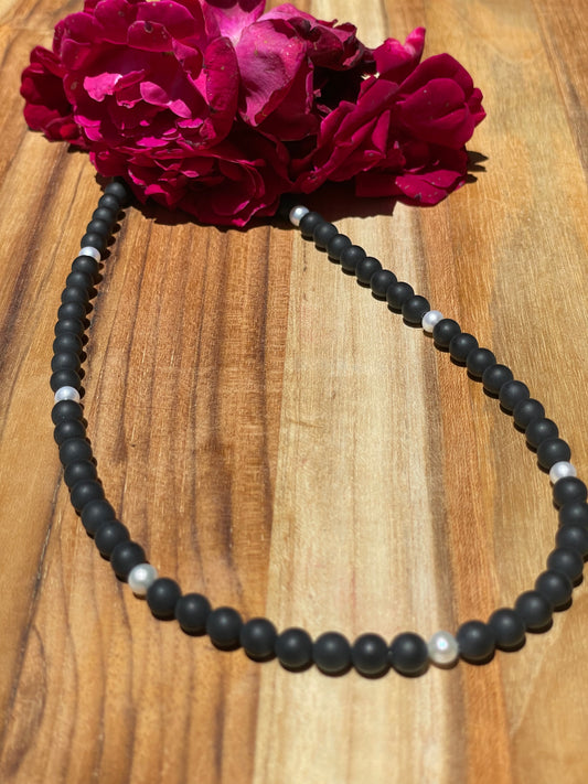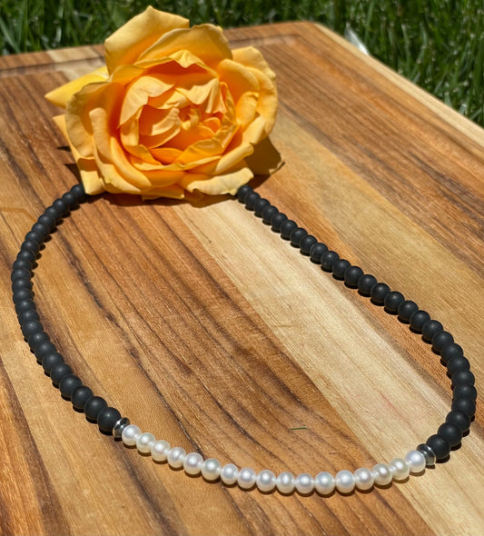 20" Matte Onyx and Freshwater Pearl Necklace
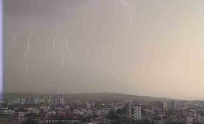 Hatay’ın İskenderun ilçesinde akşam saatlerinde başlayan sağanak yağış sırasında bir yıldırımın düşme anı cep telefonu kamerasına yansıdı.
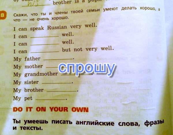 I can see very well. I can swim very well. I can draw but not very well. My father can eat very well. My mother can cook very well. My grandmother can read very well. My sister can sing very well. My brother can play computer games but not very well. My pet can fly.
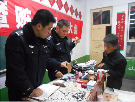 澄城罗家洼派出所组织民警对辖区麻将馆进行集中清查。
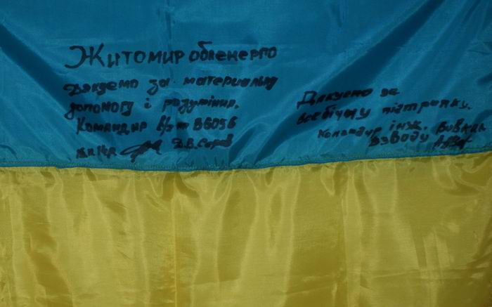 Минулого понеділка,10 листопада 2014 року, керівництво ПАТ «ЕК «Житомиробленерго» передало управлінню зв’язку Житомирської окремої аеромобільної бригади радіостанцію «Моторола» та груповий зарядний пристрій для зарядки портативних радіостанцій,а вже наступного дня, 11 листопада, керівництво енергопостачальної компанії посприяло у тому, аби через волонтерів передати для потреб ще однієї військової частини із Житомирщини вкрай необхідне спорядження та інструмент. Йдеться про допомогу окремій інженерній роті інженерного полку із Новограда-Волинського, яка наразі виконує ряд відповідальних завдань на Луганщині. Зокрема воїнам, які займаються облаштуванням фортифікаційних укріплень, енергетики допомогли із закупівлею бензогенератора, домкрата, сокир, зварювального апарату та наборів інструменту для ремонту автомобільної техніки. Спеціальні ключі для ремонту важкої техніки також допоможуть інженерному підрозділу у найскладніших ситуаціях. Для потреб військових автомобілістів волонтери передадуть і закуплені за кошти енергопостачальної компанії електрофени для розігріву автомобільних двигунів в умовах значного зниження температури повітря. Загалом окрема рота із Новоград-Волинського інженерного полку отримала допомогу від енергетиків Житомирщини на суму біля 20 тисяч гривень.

## Exercise objective
Exact repeat of the material above: every line from the one with "Hatay’ın İskenderun ilçesinde" through the one with "澄城罗家洼派出所组织民警对辖区麻将馆进行集中清查。", endpoints included, and nothing more. No pictures.

## Output of the task
 Hatay’ın İskenderun ilçesinde akşam saatlerinde başlayan sağanak yağış sırasında bir yıldırımın düşme anı cep telefonu kamerasına yansıdı.
 I can see very well. I can swim very well. I can draw but not very well. My father can eat very well. My mother can cook very well. My grandmother can read very well. My sister can sing very well. My brother can play computer games but not very well. My pet can fly.
 澄城罗家洼派出所组织民警对辖区麻将馆进行集中清查。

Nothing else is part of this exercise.